Introduction:
The diagnosis of COVID-19 infection was time-consuming and costly, contributing to rampant transmission, particularly in developing countries like Nepal. This study aimed to compare the diagnostic performance of two rapid antigen diagnostic tests (RDTs, PanBio and Standard Q) against real-time reverse transcriptase PCR (rRT-PCR).
Methods:
This retrospective cross-sectional study was conducted among 1171 suspected COVID-19 patients at a provincial hospital in Nepal. Each participant provided two nasopharyngeal swabs, one for RDT and the other for rRT-PCR, spanning a total duration of four months. Sensitivity, specificity, positive likelihood ratio (PLR), negative likelihood ratio (NLR), positive predictive value (PPV), negative predictive value (NPV), and diagnostic accuracy of each RDT, as well as the combined antigen-RDT, were determined in reference to the rRT-PCR status.
Results:
The sensitivity and specificity of PanBio were 60.87% (95% CI: 55.84–65.74) and 98.43% (95% CI: 96.80–99.37), respectively, while that of Standard Q was 59.83% (95% CI: 53.16–66.23) and 96.15% (95% CI: 90.44–98.94), respectively. Positive and negative predictive values of PanBio were 97.14 and 74.20%, respectively, and that of Standard Q were 97.16 and 52.08%. The positive likelihood ratio was higher for PanBio (38.87, 95% CI: 18.56–81.41) than for Standard Q (15.55, 95% CI: 5.92–40.90). Meanwhile, the negative likelihood ratio was more than 0.40 for both RDTs.
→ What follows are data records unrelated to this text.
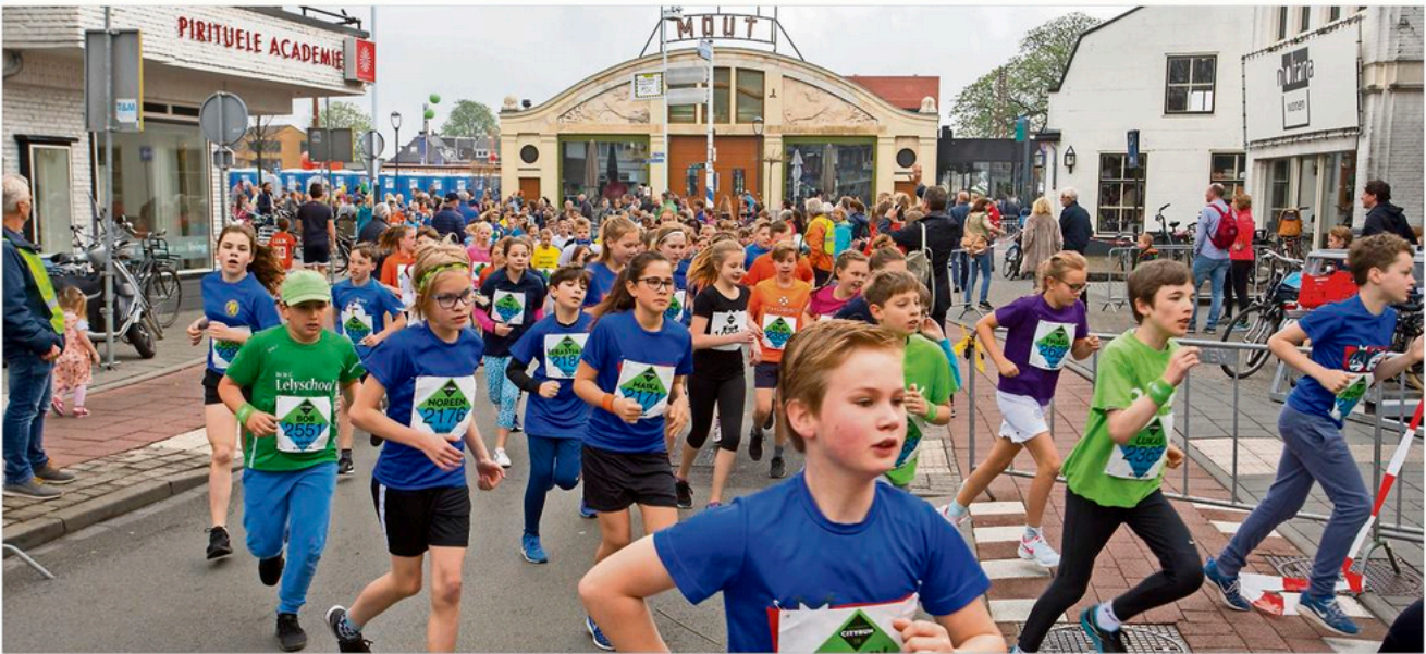
Ruim 1.600 deelnemers telde de Bink Kids Run. Dat is een record.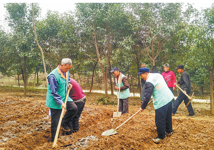
11月15日,舞钢市园林局组织10多名园林工人在该市建设路高速引线两侧开辟苗床,培育南天竹等苗木两万余株,为明年城区绿化作准备。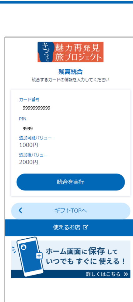
残高統合確認画面

※QRコードが複数ある場合（宿泊条件によって異なります）、全てのカード番号を合算することができます。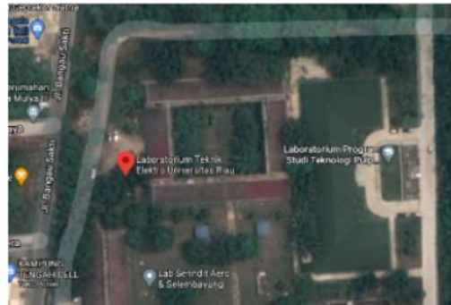
Gambar 3. Lokasi Penelitian

Penelitian ini dilaksanakan pada bulan desember 2020. Pengambilan data pengaruh cuaca menggunakan AWS terhadap produksi energi pada DAST dilakukan selama 5 hari. Lokasi pengambilan data terletak di Laboratorium Teknik Elektro Fakultas Teknik Universitas Riau [9]. Secara letak geografisnya, penelitian ini berposisi pada garis lintang utara 0.4821799292432583°U dan pada garis bujur timur 101.37658960651271°T seperti yang terlihat pada Gambar 3.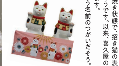
陶器の置物 7,600円 オリジナル手ぬぐい 1,320円

その蔵のなかから出てきたのが、この招き猫。焼け残ったとはいえ、焼き状態で招き猫の表面についていた焼け跡やススはその時のものだそうです。以来、喜久屋の家業と花街の移り変わりを見守り続けています。 実はこの招き猫「重吉」と「美吉」という名前のつがいで、喜久屋ではこの二匹をモチーフにした陶器の置物やぬいぐるみなど、幸運を呼ぶオリジナルグッズも販売しています。 戦火をくり抜いた、強運の招き猫として地元で親しまれ、お賽銭を供える人も。花街散策の際は「パワースポット」として、ぜひ喜久屋に立ち寄ってみてください。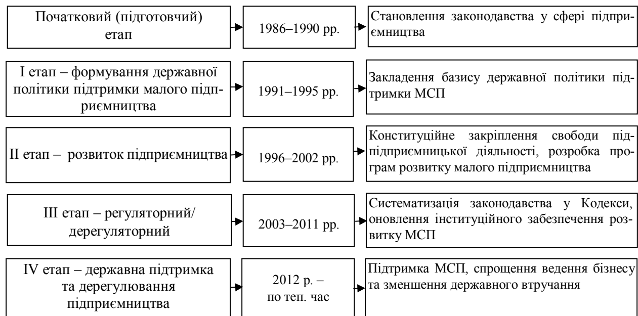
Рис. 1. Періодизація розвитку законодавчого забезпечення підприємництва в Україні

Виклад основного матеріалу. Періодизацію розвитку законодавчого забезпечення підприємництва в Україні представлено на рис. 1.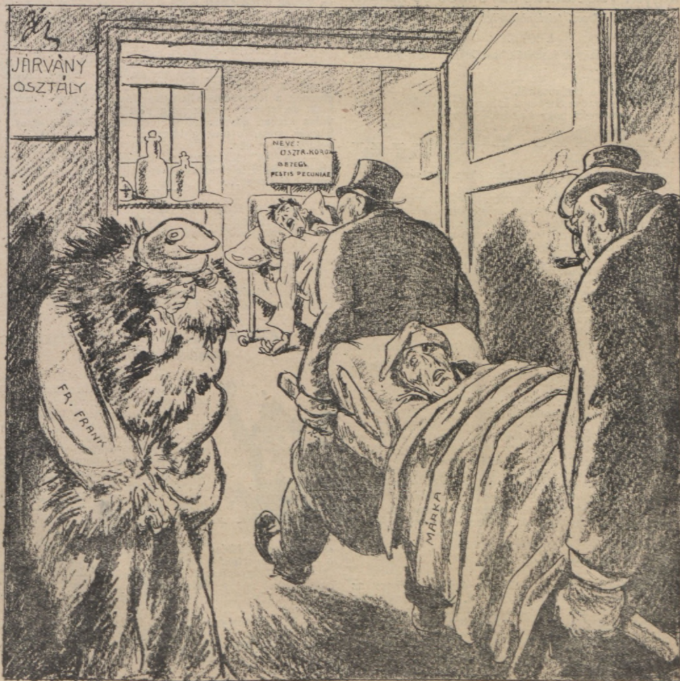
Herr von Mark. — Hasztalan itt az előkelőség, Madame... önt sem fogja elkerülni az epidémia.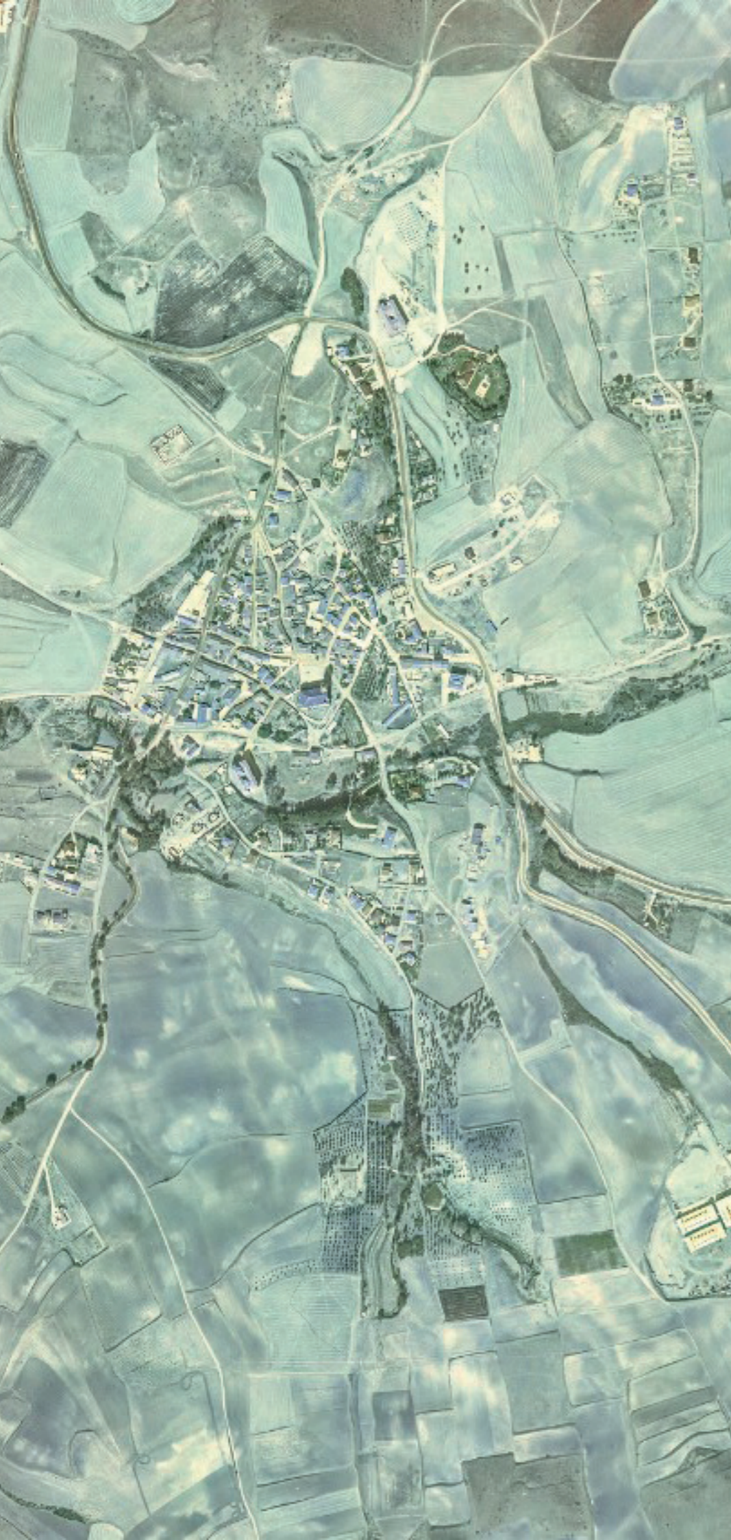
COBEÑA EN 1980. FUENTE: CARTOMADRID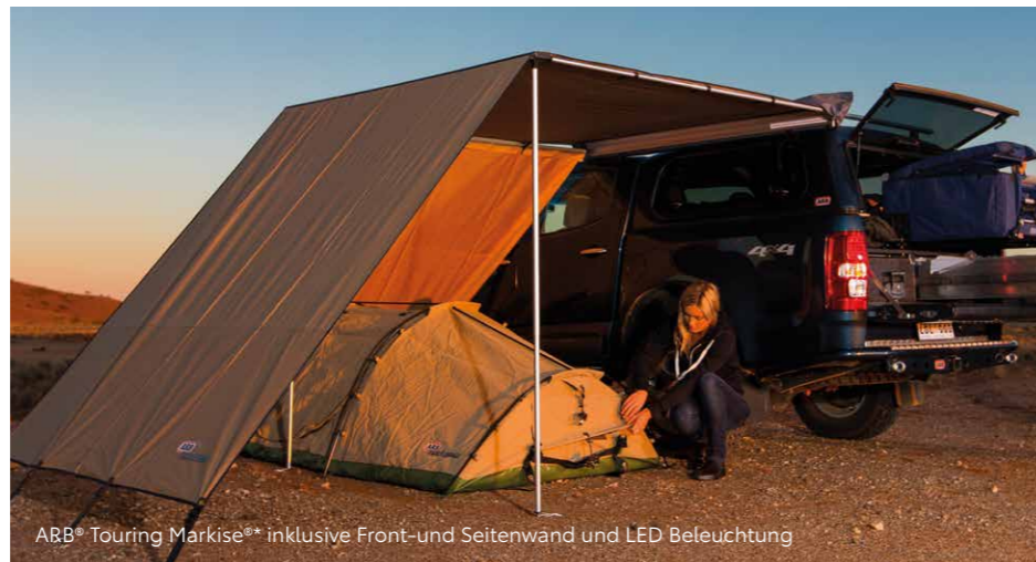
ARB® Touring Markise** inklusive Front- und Seitenwand und LED Beleuchtung

Perfekt für eine kleine Pause: im Schatten. Die ARB® Markise aus hochwertigem Polyurethan-beschichtetem 300-D-Oxford-Polyester. Zu zwei der drei Markisen sind passende Seiten und Frontwände bestellbar, die Sie zusätzlich vor Wind schützen.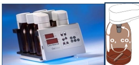
Slika 4. Aparatura za određivanje \text{BPK}_5 , BOD OXIDIRECT, LOVIBOND [6]

BPK je količina kisika koja je potrebna mikroorganizmima uzorka vode da u aerobnim uslovima na temperaturi od 20 \text{ }^\circ\text{C} , u određenom vremenu inkubacije, oksiduju organske materije u vodi [4]. Za određivanje \text{BPK}_5 korištena je manometarska metoda i uređaj BOD SISTEM Oxidirect, Lovibond, koji je prikazan na slici 4.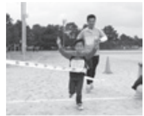
親子そろってゴール！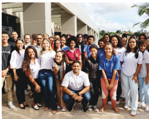
O Parlamento Jovem tem como objetivo promover a formação política e cidadã entre os estudantes do ensino médio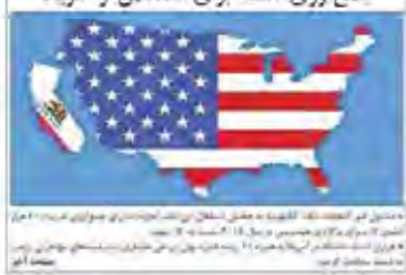
جدایی طلبان کالیفرنیا هم دست به کار شدند و جمع‌آوری امضاء برای استقلال از آمریکا را آغاز کردند.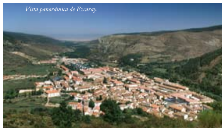
Vista panorámica de Ezcaray.

Fecha clave para la villa fue el 24 de abril de 1312 , cuando, estando celebrando Cortes en Valladolid, el rey Fernando IV el Emplazado, otorgó Fuero al Valle de Ezcaray, Ojacastro, Zorraquín y Valgañón . Por este Fuero los habitantes del valle quedaban libres de todo pecho, tributo y empréstito, excepto cinco maravedíes por cada vecino al rey. Asimismo les eximia de pagar portazgo de sus ganados, mercaderías, etc..., excepto en las ciudades de Toledo, Murcia y Sevilla. Además, otro de los privilegios de este Fuero era el de permitir refugio y defensa de los malhechores que llegaran a este valle, con el fin de favorecer la repoblación del mismo; nadie podía venir de fuera a juzgarlos, Ezcaray tenía su propio Fuero y justicia para poder hacerlo.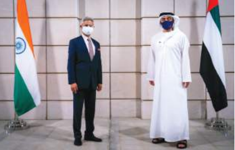
عبدالله بن زايد خلال استقباله وزير خارجية الهند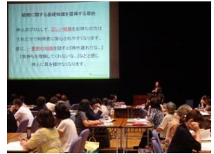
「ふくい縁結び学校」を開催し、結婚相談の知識を習得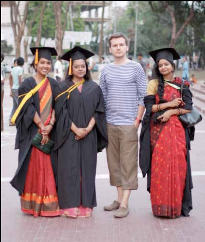
KILMI VAAERIKATE NAEITSIKUTEGA (PUNKT)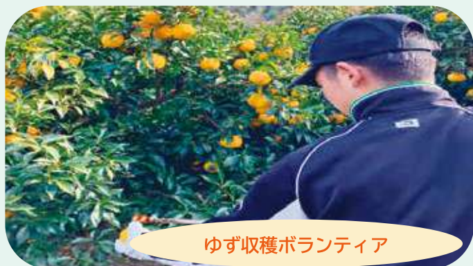
ゆず収穫ボランティア

農家の高齢化が進み収穫時に人手が不足している美都のゆず農家のお手伝いとして、本校の生徒たちが「収穫ボランティア」を2年前から行っています。県外出身の生徒にとって、益田市の魅力を知る絶好の機会にもなっています。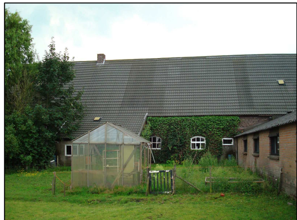
Figuur 3: Nieuwe achtergevel (links) voormalige situatie (rechts)

De aangebouwde loods en het vrijstaande bijgebouw zullen in eenzelfde stijl opgewarderd worden. Navolgend figuur geeft de huidige uitstraling van de bijgebouwen weer. Deze gebouwen zullen worden voorzien van gepotdekselde gevels.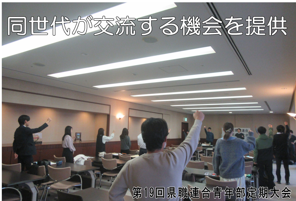
第19回県職連合青年部定期大会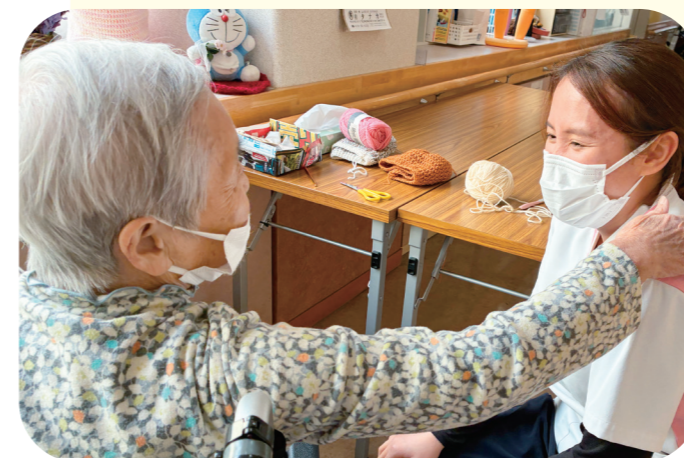
「あなたたちは希望なのよ！」と利用者さんに励まされるイーさん

日本語は難しく、仕事に慣れるまでは大変でした。はじめは先輩たちに助けてもらいましたが、今では1人で対応できるようになりました。将来は介護福祉士の資格を取り、日本で長く働きたいです。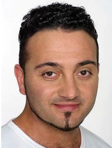
Freund von Yusuf

Du bist lebst am Hof des Sultans als Freundin und Gespielin von Ayse, der Nichte des Sultans. Obgleich es keinen offiziellen Harem mehr gibt, umgibt sich der Sultan bei Festen doch immer noch gerne mit attraktiven Mädchen, die tanzen und singen können. Ansonsten hast Du die Aufgabe, die adligen Mädchen des Hofes zu unterhalten und mit ihnen zu spielen. Du magst Ayse sehr, weil sie anders als die anderen Mädchen am Hof ist. Sie ist nicht hochnäsig und immer sehr freundlich. Nun soll sie mit einem reichen Bürgersohn aus der Stadt verheiratet werden. Sie ist aber noch viel zu jung und will noch nicht Ehefrau, Geliebte und Mutter werden. Daher haben wir Freundinnen und Ayse uns schon überlegt, wie wir beim Hochzeitsfest Ayse entführen könnten... Der Schreiber Mehmet ist dabei unser Verbündeter.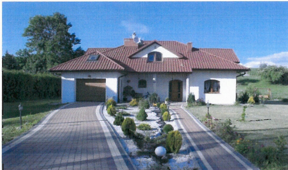
Nowoczesny dom jednorodzinny

Błędowa Zgł. posiada zwartą, charakterystyczną dla różnych okresów zabudowę i jest usytuowana wzdłuż kilku dróg powiatowych i gminnych. Odległość między dwoma najdalej położonymi zagrodami wynosi około 3 km. Liczba gospodarstw domowych we wsi wynosi obecnie 118. W strukturze Błędowej Zgł. od strony zachodniej wchodzi przysiółek „Lasek”. Oddalony on jest o dwa kilometry od centrum wsi. Mieszka tam obecnie 8 rodzin (od wielu lat) i tyleż samo „przybyszy”.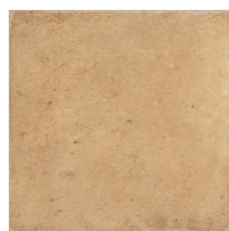
03 | Base Terracota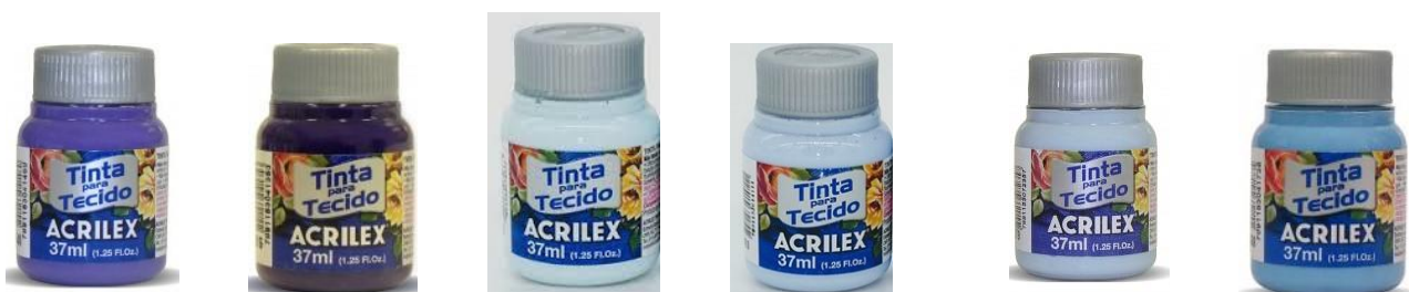
540 Violeta Cobalto 516 Violeta 992 Azul Soft 811 Azul Bebé 579 Aul Hortensia 560 Azul Caribe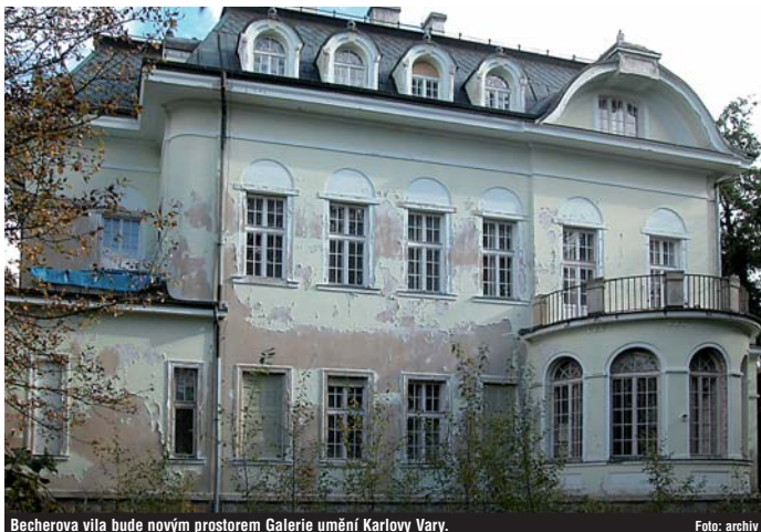
Becherova vila bude novým prostorem Galerie umění Karlovy Vary.

Zásadní investice pro nás bude výstavba nového pětipodlažního pavilonu akutní medicíny a centrálního vstupu v areálu nemocnice v Karlových Varech za zhruba půl miliardy korun. Dalších asi 300 milionů plánujeme rozdělit mezi nemocnice v Karlových Varech, Sokolově a Chebu na zdravotnickou techniku a nákup technologií pro specializované výkony. V Sokolově a Chebu by postupně měly být zrealizovány pavilony centrálního vstupu. Ještě v tomto roce tak investujeme v Sokolově osm a v Chebu šest milionů korun. Výstavbou karlovarského pavilonu chceme zajistit nemocnici schopnost konkurovat sousedním regionům, Plzeňskému a Ústeckému kraji, i Praze, kam pacienti dojíždějí za specializovanou péčí. Plánovaná výstavba by neměla ovlivnit chod krajské nemocnice a komplikovat běžný provoz v tomto zařízení.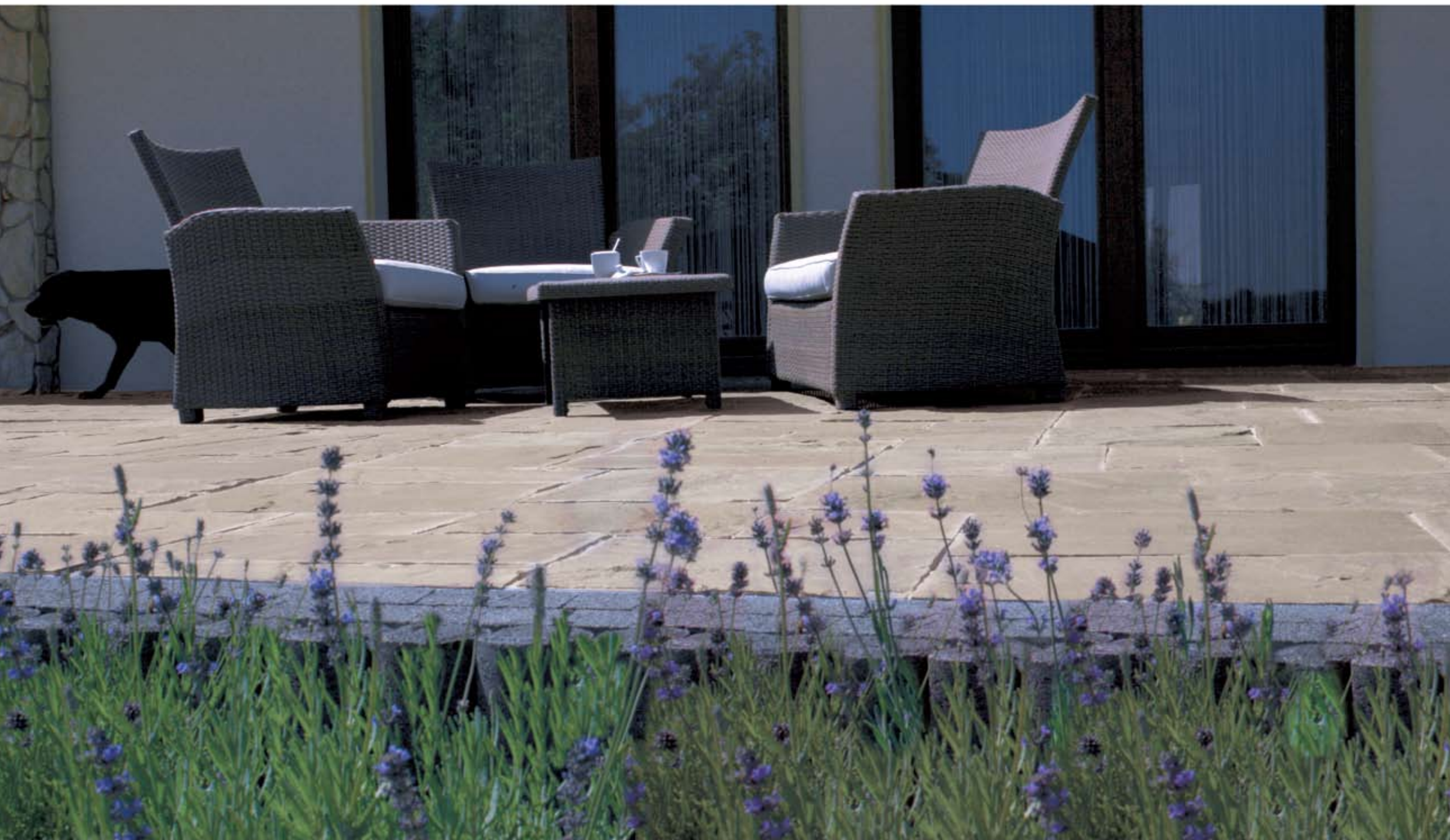
Libet PATIO / SHERIDAN / mint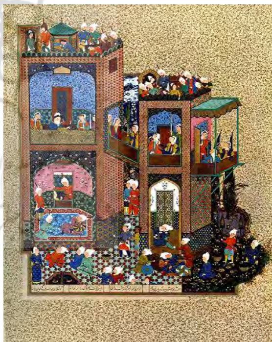
تصویر شماره ۱، کابوس ضحاک، شاهنامه شاه طهماسبی، اثر میر مصور، قرن شونزدهم میلادی، مجموعه خصوصی، مأخذ گرابار، ۱۳۹۶، ۹۸.

با تکیه بر اهمیت خیال که در اصل پرتو روح است مرتبط می‌داند؛ «...هر تجلی ابتدا در روح نقش می‌بندد و سپس از آن ساطع می‌شود و به همین علت است که اشکال در نقاشی ایرانی، همچون صور معلق جلوه‌گر می‌شوند و به قول سهروردی، در ناکجا آباد (هم مرکز و هم محیط) واقع شده و به این علت است که هر چیزی در آن شگفت‌انگیز است» (شایگان، ۱۳۹۷، ۷۳). بورکهارت ۶ در مورد وجود اسلیمی، یکی از نقوش کلیدی در ترکیبات نقاشی ایرانی می‌نویسد؛ «این فرم، در عین اینکه مانند آهنگ در اثر جلوه می‌کند، اشکارا پیوند اصلی خود را با گیاهان، نگه می‌دارد؛ با آنکه ظاهراً از طبیعت دور شده است ولی هنوز با غنا و فراوانی مرتبط است» (بورکهارت، ۱۳۶۵، ۷۲). در حقیقت وی به این تأکید دارد که با وجود تجریدی شدن فرم‌ها در نقاشی ایرانی، آنها حامل مفاهیمی هستند که در تشکیل فضای خاص در نقاشی این سرزمین، تأثیرگذار بوده‌اند. شایگان نیز در مورد نقوش گیاهی حاضر در هنر ایرانی، مانند اسلیمی، تفاسیری

The accuracy for PanBio, Standard Q, and combined RDTs were 80.91% (95% CI: 78.08–83.52), 71.17% (95% CI: 65.98–75.98), and 78.14% (95% CI: 75.66–80.48), respectively.
Conclusion:
RDTs exhibited unsatisfactory sensitivity and positive predictive value, rendering them ineffective as a screening tool. Nonetheless, they demonstrated excellent specificity and negative predictive value. Hence, a negative test result almost entirely excludes the possibility of infection.